# End of an Era



## crappiedude (Mar 12, 2006)

After 43 years of deer hunting together my friend and myself both decided after Saturday mornings ML hunt we are done hunting deer.
A couple of reasons have brought us to this decision but I guess the number one reason is we've lost the desire to kill any more deer. Another reason for losing interest is the stealing of stuff out in the woods. It doesn't happen everyday but it happens enough that it's a real turn off. We know nothing is safe out there. We suspect most of it is being done by guys who work on the farms and their friends but we can't prove it. 
Now the work begins, since a lot of our stands (like us) are pretty old and need to be replaced or repaired we want to take them down. We plan of giving some of the good stands to one of the locals who hunts a neighboring farm. I have an old quad and a decent trailer I'd like to get rid of probably in the spring or early summer once we finish with the stands. Hopefully I can find someone who is either young, broke and starting out (like we were) or an old fart (like us) who needs one to keep him in the woods.
Since we didn't hunt yesterday and it was too nice of a day to waste inside, my friend and I went fishing. I think we're both sad to realize that part of our life is over, it's like we lost a good friend but we both think it's time to move on.


----------



## bobk (Apr 30, 2004)

I guess we all have to make that decision at some point in our lives. I do find the older I get the less I want to shoot animals. I’m not saying I won’t take a nice deer but the days of shooting as many as I’m legally permitted too are long gone. Many days I’m just happy to watch the wildlife and consider that a good day in the woods. 

It’s a darn shame that thieves have played a role in your decision though. 
Enjoy your friends while you can and have a great fishing season.


----------



## worminator (Aug 20, 2004)

I'm almost in the same boat as you. As a matter of fact I sold my boat a few years ago and now I'm looking at giving some guns to my daughter. After having both hips replaced and now needing a knee I just don't get around in the woods like I used to. Don't even send me to a tree stand unless it has an elevator. I did decide to purchase a very nice camera instead of a gun a while back when I took a vacation to Montana. I think I may just go out, sit for a while and get some pictures of the stuff we all see once in a while and would like to store it in the memory banks. The one thing that has improved is my ability to sit still for long periods of time. You don't have to take a trophy to make your day. Make the day your trophy.


----------



## crappiedude (Mar 12, 2006)

bobk said:


> It’s a darn shame that thieves have played a role in your decision though.
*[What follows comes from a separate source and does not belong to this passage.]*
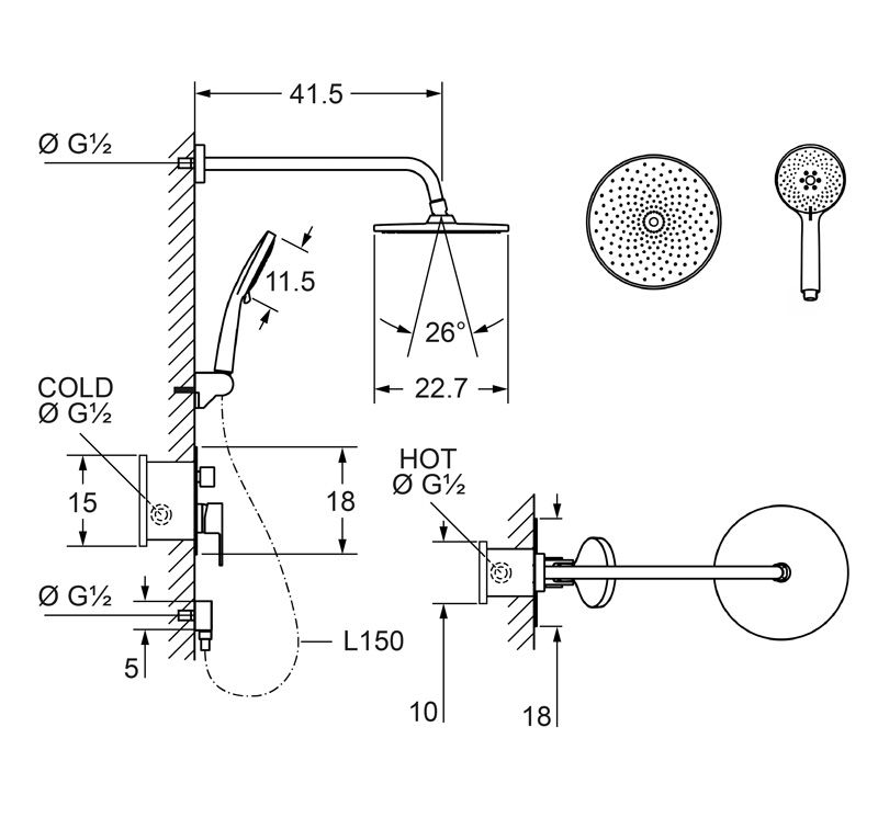 Комплектация - ручной душ, верхний душ

We both knew this day has been coming for a few years now. It wasn't an overnight decision and I had mentioned it earlier in the season to my friend. I think he's been ready for a while too. Neither one of us wanted to make the call.
We still turkey hunted a little but we kind of gave that up this past spring. We liked the hunting but IMO they aren't my favorite meal. I called in 4 birds last year, the farthest one was maybe 12 yards and I let them walk. After talking we both knew we killed our last turkey years ago. I love to call in turkeys but I don't need a shotgun in my hands to do it.
Last year though towards the end of the season I had one of my cameras stolen. The stealing isn't rampant, it's like every 3 or 4 or 5 years we have another "something" missing. In the back of our minds we just know...so we won't buy a ground blind or we won't buy that ladder stand that we really want or we won't get a super cool camera that sends pics to us. It wasn't even an expensive camera but for some reason it took a lot of wind out of my sail.
We are going to wait until next year to talk to the landowners just to make sure but in my mind I know it is.


----------



## Kenlow1 (Jul 14, 2012)

Crappiedude, cherish the memories-that can never be taken away!


----------



## kycreek (May 31, 2006)

Did you catch any fish yesterday?


----------



## berkshirepresident (Jul 24, 2013)

Just b/c one is done hunting doesn't mean one can't walk in the woods any more. Nature will still be out there. Enjoy it.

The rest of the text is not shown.